Although, Decerbo explained, despite the complications, she said  there is nothing she would change about her traveling experiences.

Decerbo said that traveling Europe is just a part of her newfound bucket list item, which includes traveling and exploring as much of the world as possible for her.

“Now it’s clear that this list is a constant work in progress that I add to daily as new opportunities and ventures propose themselves to me,” Decerbo said.

Decerbo continued, “Traveling isn’t for everyone, but to find out that it’s for you is, in my opinion, a most rewarding realization.”


5. Learn a second language

Augustus Stahl, a KSC senior, said he  went to France in first grade with his family and after that his mother started slipping French into his everyday conversation.

Stahl said he knew he wanted to learn French to keep the memory of his mom after she passed away.

Stahl said he started taking French classes in seventh grade.

“Honestly, I was really horrible at it for years,” Stahl explained.

Then, in the summer after tenth grade, Stahl said he went to Church Point, Nova Scotia, to Université du Sainte Anne, a French university, for five weeks.

“It was an immersion program, so it was almost exclusively in French.  We all signed waivers in the beginning saying that we’d adhere to the French-only provisions and if not we’d be asked to leave,” Stahl said.

Stahl said he had a really hard time at the beginning of the program because he wasn’t good at French when he got there.

“But by the second or third week it was so natural that it felt weird to switch to English to call home,” Stahl said.

Stahl  said now he is almost fluent in French.
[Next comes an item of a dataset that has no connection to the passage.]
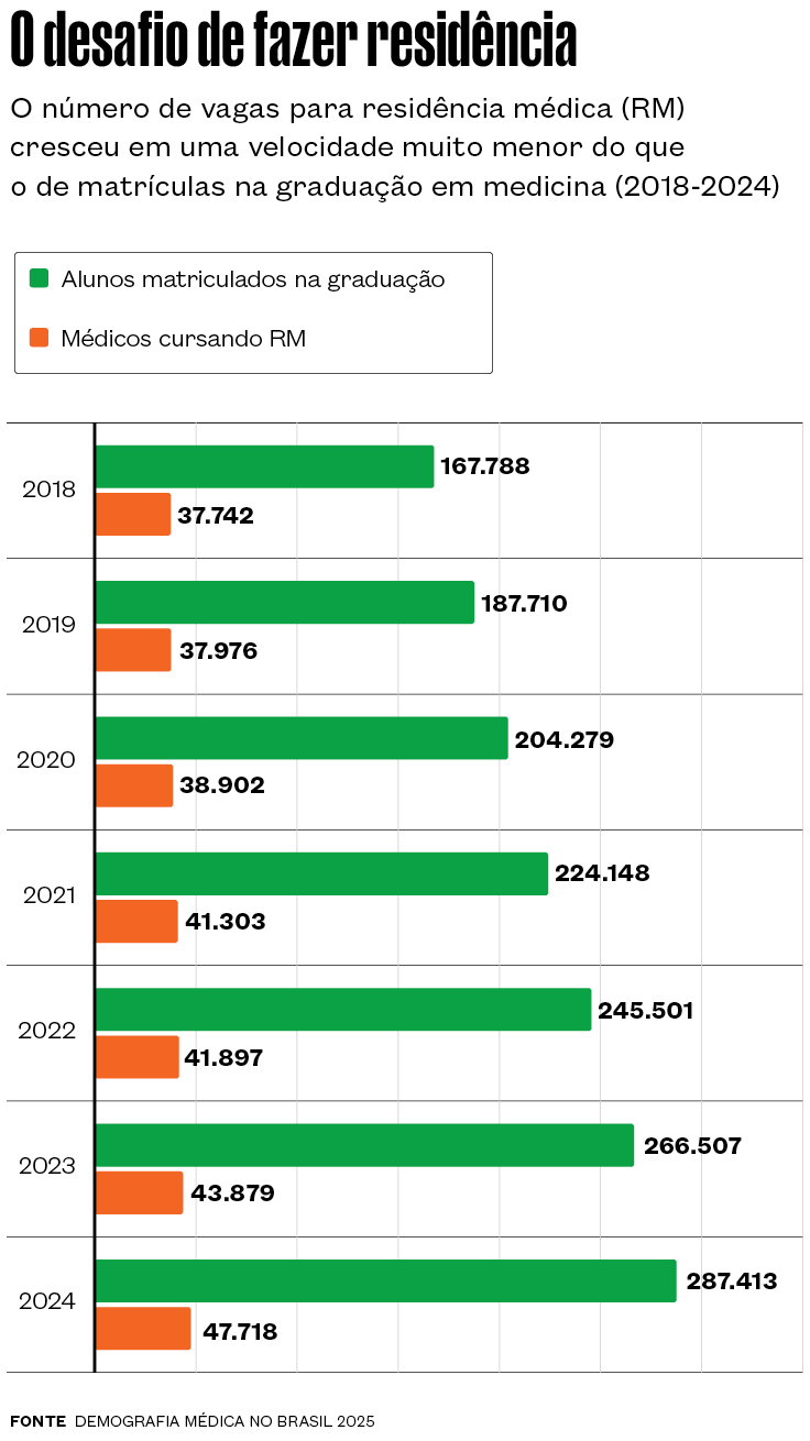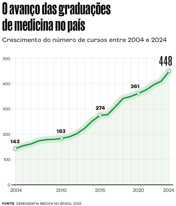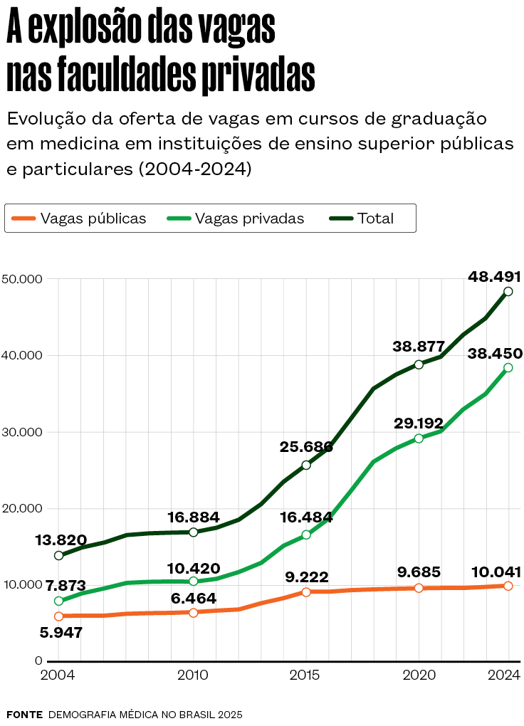 O resultado é que o número de cursos de medicina seguiu crescendo de forma acelerada e saltou para 448 em 2024. “Faculdades que já existiam também conseguiram liminares para ampliar suas vagas, em um cenário sem qualquer regulação”, explica Sandro Schreiber de Oliveira, epidemiologista da Universidade Federal do Rio Grande (Furg) e diretor-presidente da Associação Brasileira de Educação Médica (Abem). Esse movimento fez com que o número de vagas em faculdades de medicina mais que dobrasse no Brasil, de 23,5 mil vagas em 2014 para 48,5 mil em 2024 – dessas, 79% estão em instituições privadas.

He said he loves being able to express himself in another way besides English.

“It’s an interesting experience when you’re talking and when you grasp for the name of an object or a verb and it comes out  in French instead of English,” Stahl said.
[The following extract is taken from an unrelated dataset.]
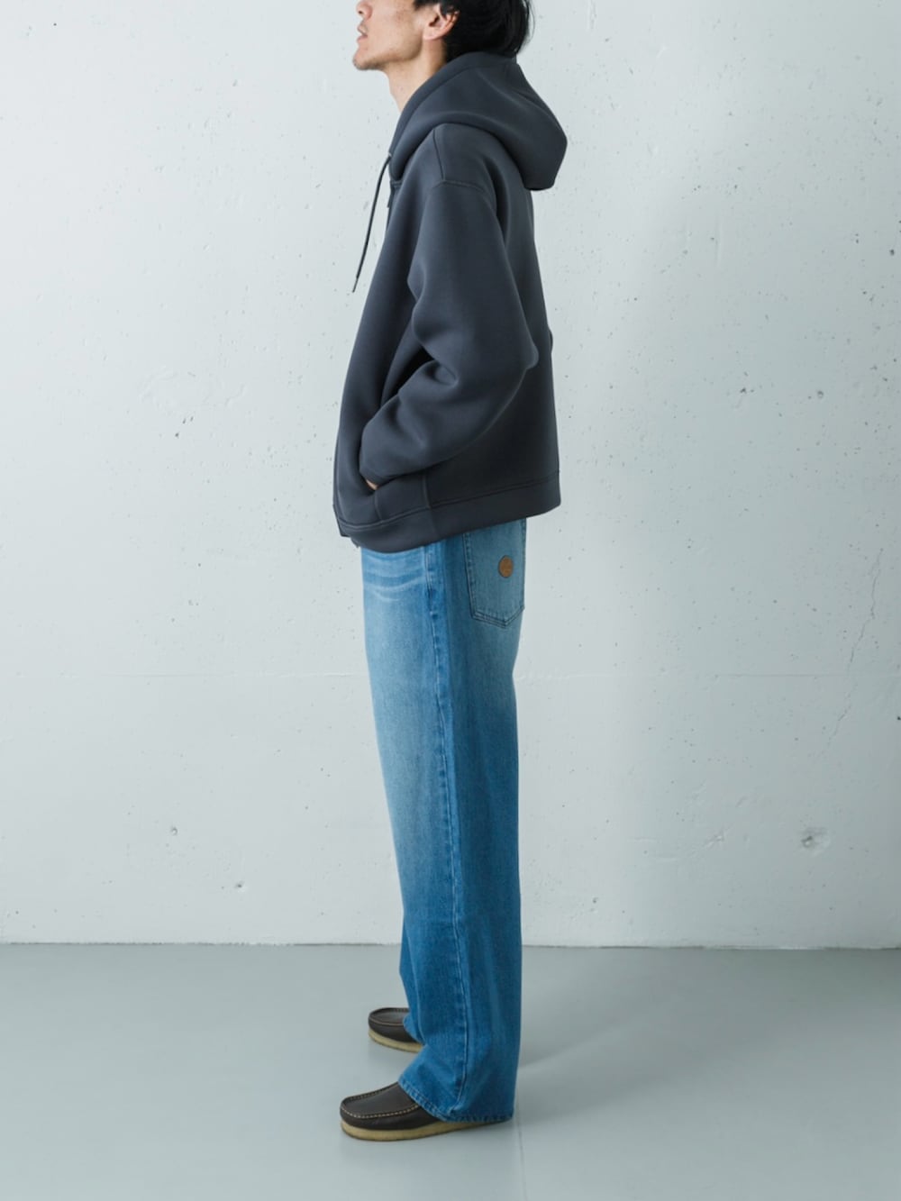 ボトムスには穿き込んだ風合いのRED KAP別注ワイドデニムを合わせ、クリーンな上半身を程よくカジュアルダウン。足元にダークブラウンのワラビーを添えることで、クールな配色の中に大人の温もりと品格をプラスした、リラックス感あふれる休日スタイルです。

Stahl said he would recommend learning a second language to anyone, because it opens up a lot of doors for travel, conversation, thoughts and job opportunities.


6. Go on a road trip with your best friend

KSC Senior Ivette Garcia went on a road trip to Florida with her best friend, which took them 18 hours.
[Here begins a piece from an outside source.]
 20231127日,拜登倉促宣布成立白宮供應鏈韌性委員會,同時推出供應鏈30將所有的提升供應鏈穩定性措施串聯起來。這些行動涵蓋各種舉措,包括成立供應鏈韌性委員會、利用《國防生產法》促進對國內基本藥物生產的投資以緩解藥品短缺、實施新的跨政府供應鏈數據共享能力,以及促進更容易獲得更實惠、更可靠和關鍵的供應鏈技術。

During the road trip, Garcia said they stopped at each state to take a picture.

She said it was a good experience because she hadn’t been to many states before that and got to see a lot of new places.

To pass the time Garcia said they played license plate games, listened to music and talked about things they never really got the chance to talk about before.

Garcia said they made pit stops at South of the Border in South Carolina, a roadside attraction on Interstate 95 and Washington D.C.

“We stopped in D.C. for the day. It was really cool to be in the nation’s capital unexpectedly with my best friend, just exploring,” Garcia said.

“You never know what’s going to happen with no itinerary and it gives you memories you’re going to remember,” Garcia said.


7. Meet Dave Matthews

KSC senior Brendan Snyder said he had always wanted to meet Dave Matthews, lead singer of Dave Matthews Band, because he’s always enjoyed his music and his view and outlook on life.

Synder said he lives in Saratoga Springs, New York, where Matthews play a lot of shows.

“I met him walking through the park in my hometown before his concert,” Snyder said.

He said Matthews was “riding his bike around and rode by me. I stopped him by saying his name and he stopped to talk.”

Snyder said they talked about how much Matthews loves playing in Saratoga Springs and how the parks and natural setting that still exists is something we all should respect.

Snyder said they also talked about the fact that Matthews shares a vineyard in Virginia he owns with the public because he wants everyone to “enjoy what he’s blessed to have.”

Snyder said he thought it was an incredible experience to meet a major figure he looks up to and have him live up to the expectation he had of him of being as down to Earth and giving.

“I think that bucket lists are a great way to keep on track of dreams and achieve things you’ve told yourself you will always do,” Snyder said.

“It’s always fun to dream and this can help organize those dreams to help make them happen,” Snyder said.